Even after the Libby indictments were filed on Oct.28, Newsweek rushed to assure readers, in the second paragraph of its cover story, that Libby and Cheney likely never meant any harm by their Plame whispering campaign. Instead, relying on a hunch, the magazine reported, "It is much more likely they believed that they were somehow safeguarding the republic." [Emphasis added.] Elsewhere, the same article compared Libby to "to Roman centurions and Plato's Men of Silver." White House officials couldn't have said it better themselves.

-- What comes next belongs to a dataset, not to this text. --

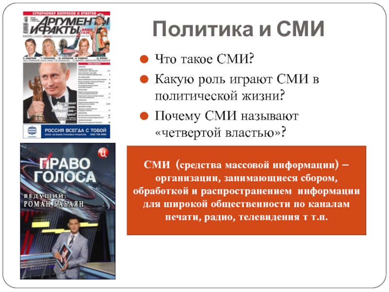Политика и СМИЧто такое СМИ?Какую роль играют СМИ в политической жизни?Почему СМИ называют «четвертой властью»?СМИ (средства массовой

Libby's soft-edge coverage was telegraphed in the weeks before. As legal trouble loomed for the VP's chief of staff in the fall, the MSM played nice as they introduced the Washington insider to readers and viewers with profile after profile detailing Libby's resume, from his college days right through his time in the White House. It was telling how many of those features forgot to mention the fact that during the 1990's Libby pocketed $2 million in fees working as the American attorney and chief advocate for Marc Rich, the disgraced billionaire fugitive. It was Libby who helped construct the sales pitch used to try to secure Rich a presidential pardon. The pardon was finally granted by President Clinton during his last days in office, which ignited one last free-wheeling Clinton press scandal. (Libby called Rich to congratulate him when he heard the good news of the pardon.) Prior to the indictments, it was the only real stain on Libby's impressive resume and cast some doubt of Libby's lofty, Man for All Seasons persona pushed in the press. And it certainly seemed worth at least a passing mention. But the MSM politely demurred.

On television, there was complete amnesia about Libby's work for Rich. During the week when the Libby indictments were announced and the story was treated as very big news (except, still, at the long form network news programs). The investigation generated constant chatter on the CNN, CNN Headline News, Fox, MSNBC, NPR, ABC, CBS, and NBC. In fact, the name Libby was mentioned more than 3,200 times according to TVEyes. The name of Marc Rich though, was mentioned just eight times.

In an Oct. 21, feature published online at Slate, titled "Who is Scooter Libby," the magazine painting a detailed portrait of Libby's professional life--"Lewis Libby is a graduate of Yale University and Columbia University School of Law"--but did not think the Rich/pardon angle needed to be included. Neither did the Knight Ridder News Service, which touched all the Libby bases in a 1,000-word profile and forgot to mention the Rich scandal. Ditto for a detailed, page 1 biography of Libby in the Baltimore Sun -- no Rich mention. Newsweek set aside seven full pages for its fawning Libby feature (he boasted "a heroic, romantic sense of his boss and his own role in history), but there was no mention of Rich. Meanwhile, on Oct. 23, the Washington Post published a gentle, page one Libby portrait, told exclusively through the eyes—and quotes--of his conservative, partisan friends, William Kristol, Paul Wolfowitz and Mary Matalin. There was not a discouraging word to be found in the 2,400-word valentine, in which readers learned Libby has a strong "sense of humor," was an "audacious novelist" who boasted "animated conviction," yet rarely lost sight of "the grandeur of his mission." (A reference to Rich's pardon was tucked into the 28th paragraph.) One week later the Post published another fawning Libby profile ("a self-effacing public servant, more interested in service than power ") which politely omitted any mention of Libby's $2 million payday courtesy of the billionaire fugitive.

Perhaps the most telling tidbit about Libby found in the Post profile though, was this: "He is diligent about returning reporters' calls." In other words, inside a White House that was notoriously close mouthed, reporters liked Libby and found him to be a useful source, which may have been another reason so many journalists seemed allergic to the idea of aggressively uncovering the two-year whodunit in which Libby had become entangled in.